- Born: Salwa Al Bana 1951 (age 74–75) Nablus , Palestine
- Citizenship: Palestine
- Occupations: Writer; poet;
- Notable work: A bride behind the river that comes from the distances, rain in a warm morning, the other side of Al- Gomorah, the bride of the night, the shoes of His Excellency, a woman outside time, Sitt Al-Hassan, on her last night

= Salwa Al Bana =

Palestinian writer

Salwa Al Bana, a Palestinian author and writer, born in Nablus in 1951, has several published novels and stories, mainly the novels: “A bride beyond the river” issued in Beirut in 1972, "He who comes from distances", published in Beirut in 1977, "the Other Face" a series of stories AL- Bana published in a number of Jordanian newspapers and they were re- published in Beirut in 1974. The author has other books that were published successively; "AL-Amoura Bride of the Night", published in Beirut in 1986 and "His Excellency’s shoes" a stories collection published in 2010, in addition to, the novel "A woman outside time" published in the next year.

== Early life and education ==
Al- Bana was born and raised in the Palestinian city of Nablus and received a degree in arts from the University of Beirut.

== Career ==
Al- Bana started her career in journalism and later she entered the field of writing and publishing, then she published a number of novels and books mainly the novel "A bride beyond the river" issued in Beirut in 1972, "He who comes from distances", published in Beirut in 1977, in addition to, the novel titled "rain on a warm morning", 1979, "the Other Face", a series of stories AL- Bana published in a number of Jordanian newspapers and they were re- published in Beirut in 1974. The author also has other books that were published successively, these are; "AL-Amoura Bride of the Night", published in Beirut in 1986 and "His Excellency’s shoes" a stories collection published in 2010, alongside the novel "A woman outside time" that was published in the next year.

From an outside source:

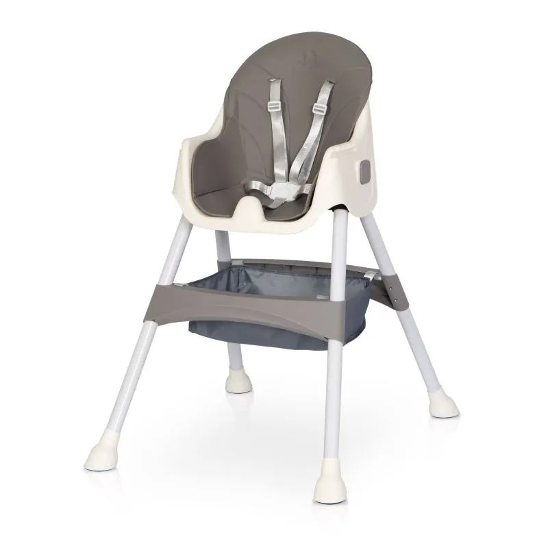 PICOLO saukta par augsto krēslu 4 vienā, jo to var izmantot 4 dažādos veidos:Augsts brīvi stāvošs augstais krēsls – Šīs konfigurācijas augstajam krēslam ir garas kājas un piestiprināts paplāte. Augstais krēsls nodrošina lielāku komfortu vecākiem, kas baro bērnu. Pateicoties regulējamai paplātei, krēslu nav nepieciešams novietot blakus galdam, tāpēc jūs varēsiet ērti pabarot jebkurā situācijā.Barošanas krēsls pievilkts pie galda – šajā konfigurācijā jūs varat izņemt paplāti un pievienot krēslu pie galda virsmas. Tādā veidā bērns var ēst savus ēdienus kopā ar vecākiem pie viena galda.Zems brīvi stāvošs krēsls – šīs konfigurācijas krēslam ir īsas kājas un piestiprināts paplāte. Kāju balsts var būt piestiprināts vai noņemams atkarībā no bērna auguma. Šīs formas krēsls ļauj ērti pabarot nedaudz lielāku bērnu, kurš jau staigā pats. Zems krēsls – šīs konfigurācijas krēslam ir īsas kājas. Noņemams kāju balsts, paplāte un drošības jostas. Tas ir paredzēts vecākiem bērniem un ne vienmēr barošanai. Tas var darboties kā neatkarīgs bērnu mēbele.Viegli tīrāms - PICOLO barošanas krēsls ir ar estētisku, viegli tīrāmu apdari no ekoloģiskas ādas. Netīrumus un ēdiena atlikumus viegli noņemsiet ar mitru drānu. Ārējo paplāti var ātri un viegli noņemt tīrīšanai.Jūsu bērna drošību nodrošina 5 punktu drošības jostas un īpaša starp kāju aizsardzība, kas neļauj noslīdēt no krēsla. Plašs attālums starp kājām un lielie neslīdošie gumijas aizbāžņi nodrošina krēsla stabilitāti.Krēsla apvalks ir profilēts tā, lai bērna pozīcija būtu ērta un stabila. Drošības jostas ir regulējama augstuma. Jostas ir izgatavotas no blīvi austa, gluda auduma, kas netrīsīs maigo mazuļa ādu. Pateicoties putu pamatnei, apdare ir mīksta. Plašs, ērts kāju balsts nodrošina stabilu bērna kāju atbalstu.PICOLO krēslu izmantojiet 4 dažādos veidos, atkarībā no situācijas un bērna auguma. Pateicoties zem sēdekļa piekārtajam grozam sīkumiem, vienmēr varat turēt pie rokas nepieciešamos piederumus.Pateicoties viegli lietojamai saliekamajai sistēmai, krēsls PICOLO neaizņems daudz vietas, kad to nelietosiet. Vienkārši nospiediet sēdekļa sānos esošās pogas, lai salocītu kājas gan augsto, gan zemo krēslu konfigurācijās.Dubultā paplāte – izmantojot divas paplātes, jūsu krēsls ir vēl praktiskāks. Iespēja ātri izņemt ārējo paplāti paātrina tīrīšanu pēc ēdienreizes, bet galvenā paplāte joprojām aizsargā jūsu bērnu.Paredzēts: bērniem no 6 mēnešiem līdz 15 kg svara.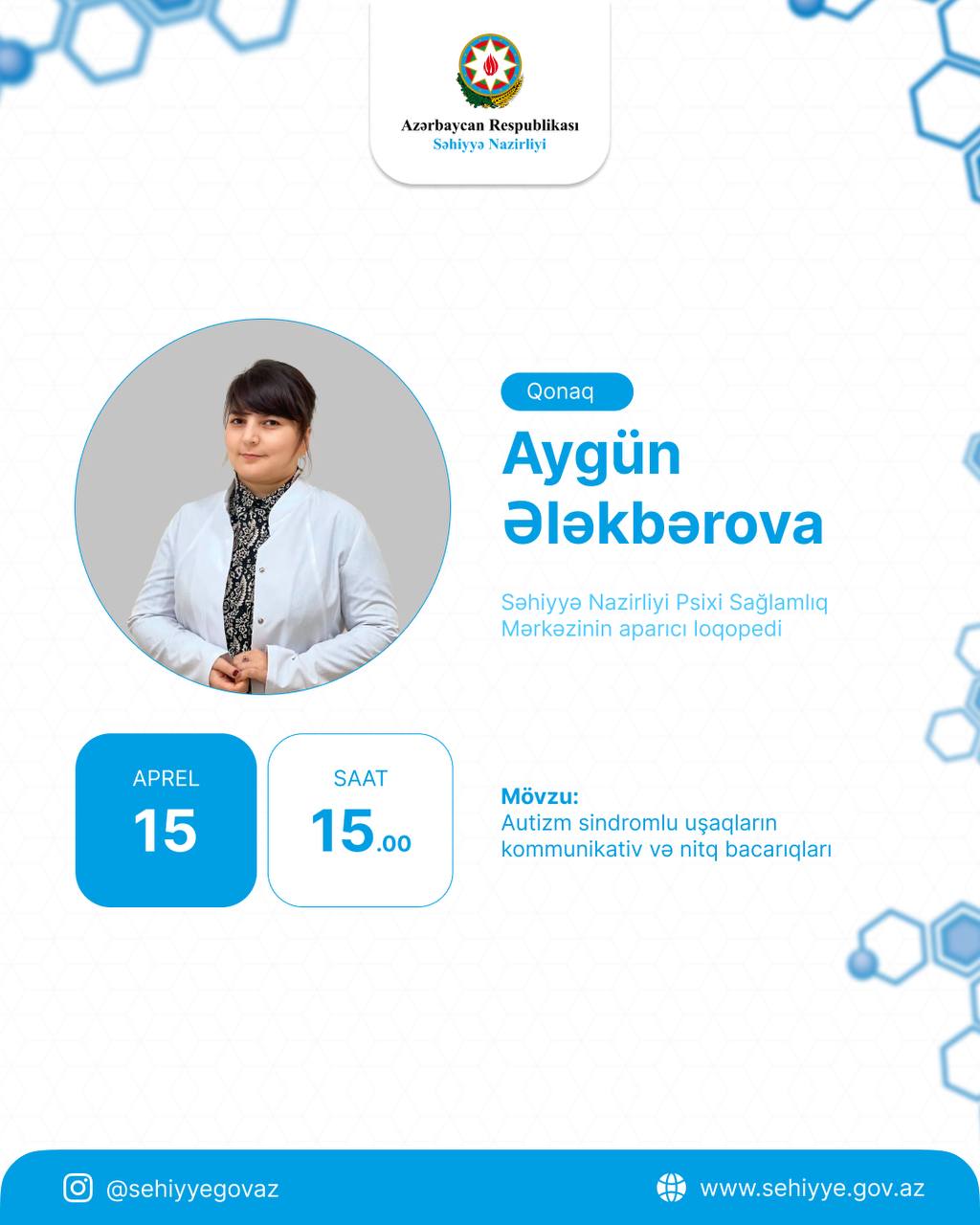 Trend xəbər verir ki, bu fikirləri Səhiyyə Nazirliyinin rəsmi “Instagram” hesabında keçirilən canlı yayım zamanı nazirliyin Respublika Psixi Sağlamlıq Mərkəzinin loqopedi Aygün Ələkbərova açıqlayıb.

The main work of the Palestinian writer was the novel "The Beautiful lady " that had a very different line of storytelling and theatrical text, relatively poem. According to Al- Bana, in this novel she did not seek renovation, yet the idea required thinking outside of the box, which she mastered as she crossed the red lines she once set for herself in writing. In her novel "the Beautiful lady on her last night", Al- Bana depicted the vicious attack Levant undergoes aiming at its destruction, dismantling, and changing its identity and civilization elements, as well as, eliminating Palestine from its map. In this novel Al- Bana used "The Rose of Levant" phrase to describe the State of Palestine.

In the novel "the Beautiful lady", Al- Bana depicted the conflict between the good and the evil, the beauty and the ugliness, as she stated in an interview she held later with an e- magazine, and she did the same thing in the novel "Lovers of a star" as she depicted Palestine as the event and the basic cause, therefore; the debut of the lab of history, recalling time, places and names to assert the identity of land as an Arabic territory. Al- Bana used the word "star" in the novel to refer to Palestine and its lovers, the fighters who use guns, thoughts and words to liberate it. In this novel Al- Bana tackled all types of conspiracy inflicted upon the Palestinian cause until the current scene including wars, fights and destruction.

== Works ==
Here works include:

A Bride Beyond the River, Beirut, 1972

He Who Comes from Distances, Beirut, 1977

Rain on a Warm Morning, Beirut, 1979

The Other Face, Beirut, 1986

His Excellency's Shoes, a collection of stories, 2010

A Woman Outside Time, Beirut, 2011,

“The Beautiful Lady on Her Last Night".